SAN ANGELO, TX — We all may notice the side effects of the drought but it doesn't just impact those in the farming and ranching industries. If you eat and wear clothes it affects you too.

"About 75 percent of the state is in some level of drought,” Corey Owens said.

A strong drought is nothing new to West Texas producers. Agriculture professor, and rancher, Corey Owens says we usually see it every 7 to 10 years in our area.

"Not only will it impact the producer, but it'll impact the consumer down the line as well. Those effects won't be felt for 6 to 7 months from now. We may see a reduction in the cost at the store depending on if these large inventories of meat continue,” Owens said.

But after the feast can sometimes come famine. Herd expansion has been growing since 2014 but Owens says it's beginning to slow. Much like after the severe drought in 2011. During the years to follow, herd numbers were the lowest they've been in 5 decades. Meaning, customers may get a good deal now...but with many ranchers currently having to sell all of their livestock, there could be a shortage later.
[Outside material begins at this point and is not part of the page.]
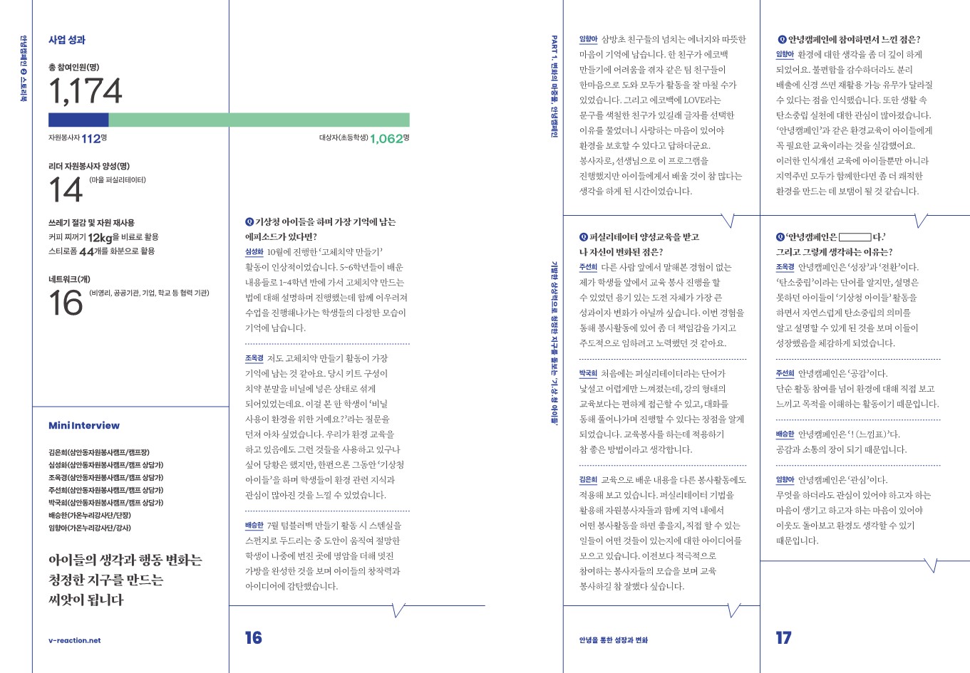 임팩트 스토리 [안녕캠페인] 기발한 상상력으로 청정한 지구를 돌보는 ‘기.상.청 아이들’ 관리자 2022.11.17 467 이전글 [안녕캠페인] 기후위기 대응 플랫폼, “안녕! 나의 마을” 목록 다음글 [안녕캠페인] '안녕! 초록 자전거길' 함께 만들어 가는 자전거 타기 좋은 마을 프로젝트
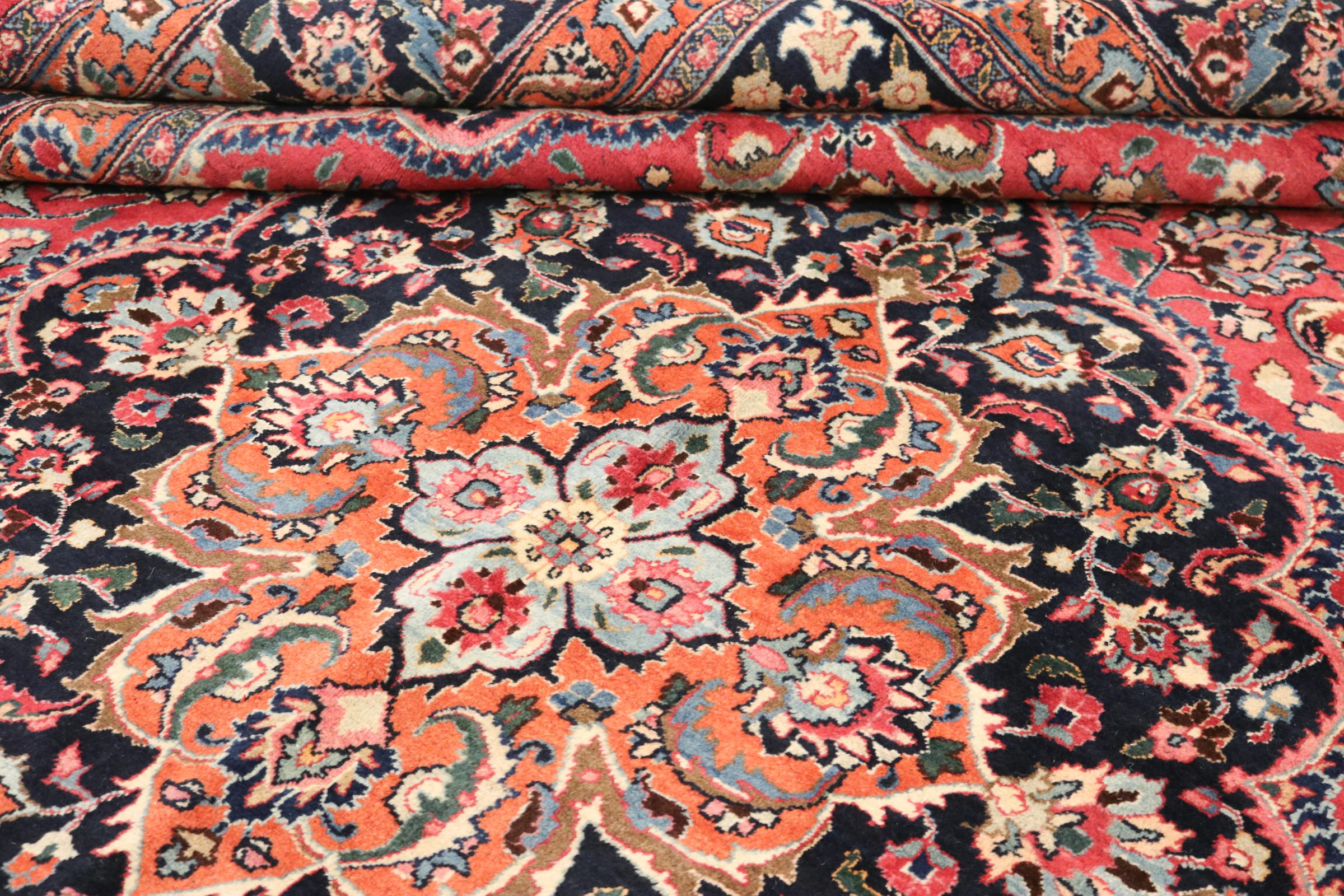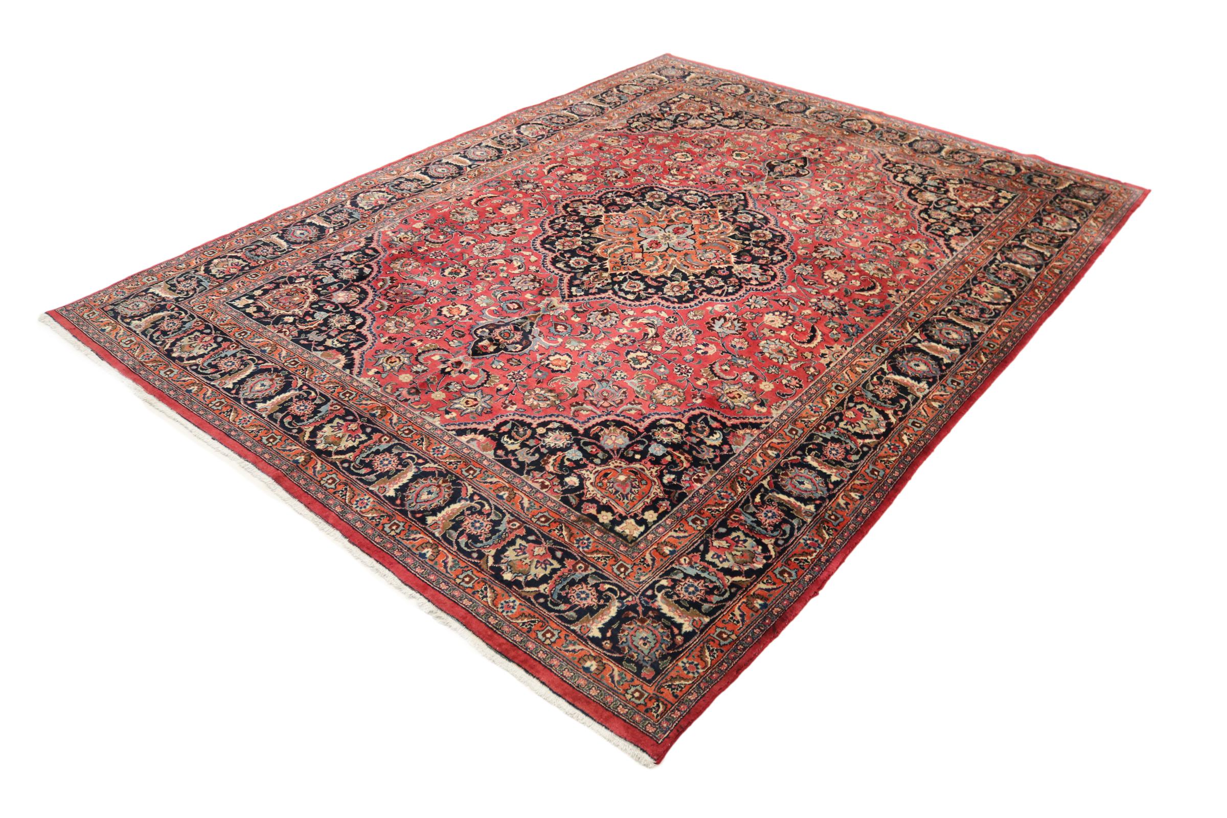 Dette tæppe fra Mashhad, en af de største byer i Iran, er håndknyttet af ren naturuld. Millioner af mennesker valfarter hvert år til denne hellige persiske by. Mashhad-tæpper er kendt for deres usædvanlige størrelser og uld af ekstremt høj kvalitet.

"When you've got less rainfall, you've got less grass, cattle have to have something to eat so you have to start feeding them from a sack. That just increases the cost,” Owens said.

It's basic business:

"Right now, corn prices are good, not from a corn producer's standpoint but from a livestock feed standpoint, corn prices are still fairly low,” Owens said.

You have to compare the costs and the profit.

"That goes back into the affecting your bottom line and the time of year. When ranchers only get paid once a year that can have a dramatic impact on what you're able to do,” Owens said.

Even if we get some heavy rain, that doesn't necessarily mean we're out of the drought. Forecasters say that because the ground is so dry, most of that water will run off to other water sources. Instead, we need consistent rainfall.